> THE TASK
Reproduce the lines below exactly, from the one containing "Nesli tükenme tehdidi" through the one containing "Envoyez par email", both included. Leave out any pictures.

> GIVEN DATA
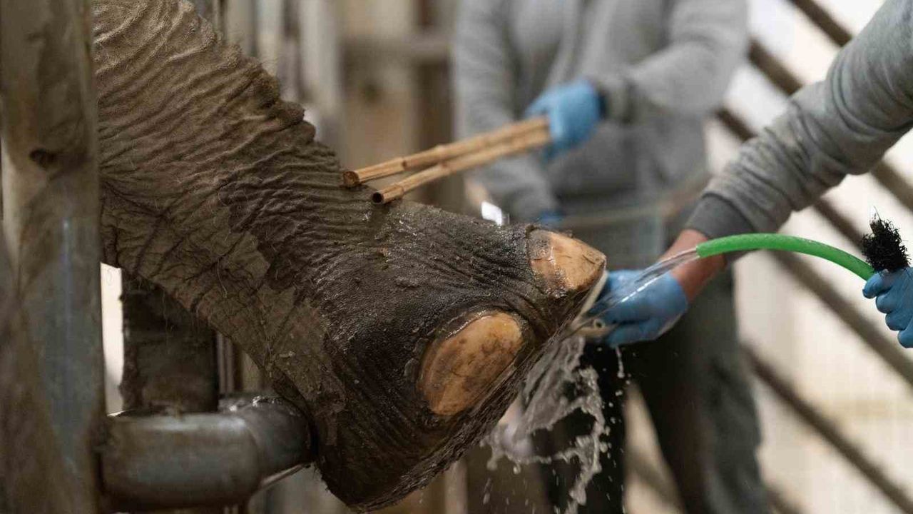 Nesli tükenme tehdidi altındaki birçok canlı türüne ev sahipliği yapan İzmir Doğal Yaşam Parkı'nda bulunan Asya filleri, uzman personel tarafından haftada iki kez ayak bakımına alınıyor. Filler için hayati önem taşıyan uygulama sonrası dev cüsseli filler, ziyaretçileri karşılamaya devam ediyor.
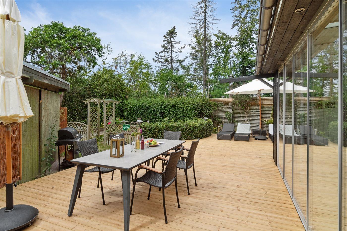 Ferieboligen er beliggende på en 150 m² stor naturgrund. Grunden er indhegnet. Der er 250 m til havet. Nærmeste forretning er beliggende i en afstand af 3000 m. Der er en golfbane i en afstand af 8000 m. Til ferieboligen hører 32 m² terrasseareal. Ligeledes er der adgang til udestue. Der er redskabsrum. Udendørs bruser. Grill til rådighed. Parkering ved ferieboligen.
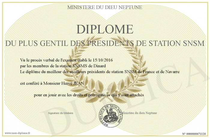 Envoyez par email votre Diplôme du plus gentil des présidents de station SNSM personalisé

--

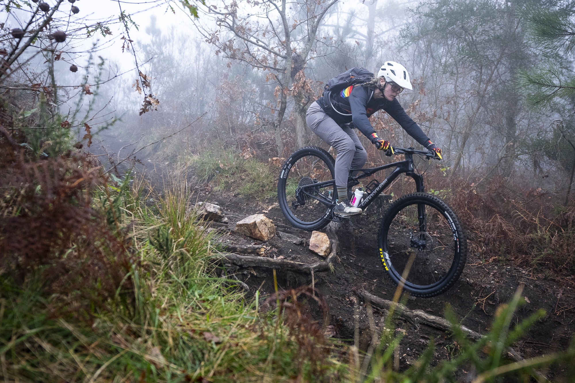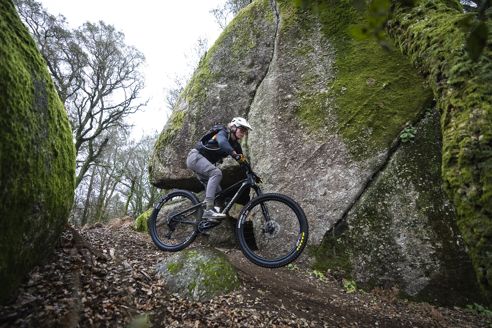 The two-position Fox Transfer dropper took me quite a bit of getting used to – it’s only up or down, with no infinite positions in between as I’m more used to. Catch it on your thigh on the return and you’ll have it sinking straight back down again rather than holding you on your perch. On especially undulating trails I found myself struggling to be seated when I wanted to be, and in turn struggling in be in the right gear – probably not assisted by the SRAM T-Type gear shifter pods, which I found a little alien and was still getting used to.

> EXERCISE SOLUTION
 Nesli tükenme tehdidi altındaki birçok canlı türüne ev sahipliği yapan İzmir Doğal Yaşam Parkı'nda bulunan Asya filleri, uzman personel tarafından haftada iki kez ayak bakımına alınıyor. Filler için hayati önem taşıyan uygulama sonrası dev cüsseli filler, ziyaretçileri karşılamaya devam ediyor.
 Ferieboligen er beliggende på en 150 m² stor naturgrund. Grunden er indhegnet. Der er 250 m til havet. Nærmeste forretning er beliggende i en afstand af 3000 m. Der er en golfbane i en afstand af 8000 m. Til ferieboligen hører 32 m² terrasseareal. Ligeledes er der adgang til udestue. Der er redskabsrum. Udendørs bruser. Grill til rådighed. Parkering ved ferieboligen.
 Envoyez par email votre Diplôme du plus gentil des présidents de station SNSM personalisé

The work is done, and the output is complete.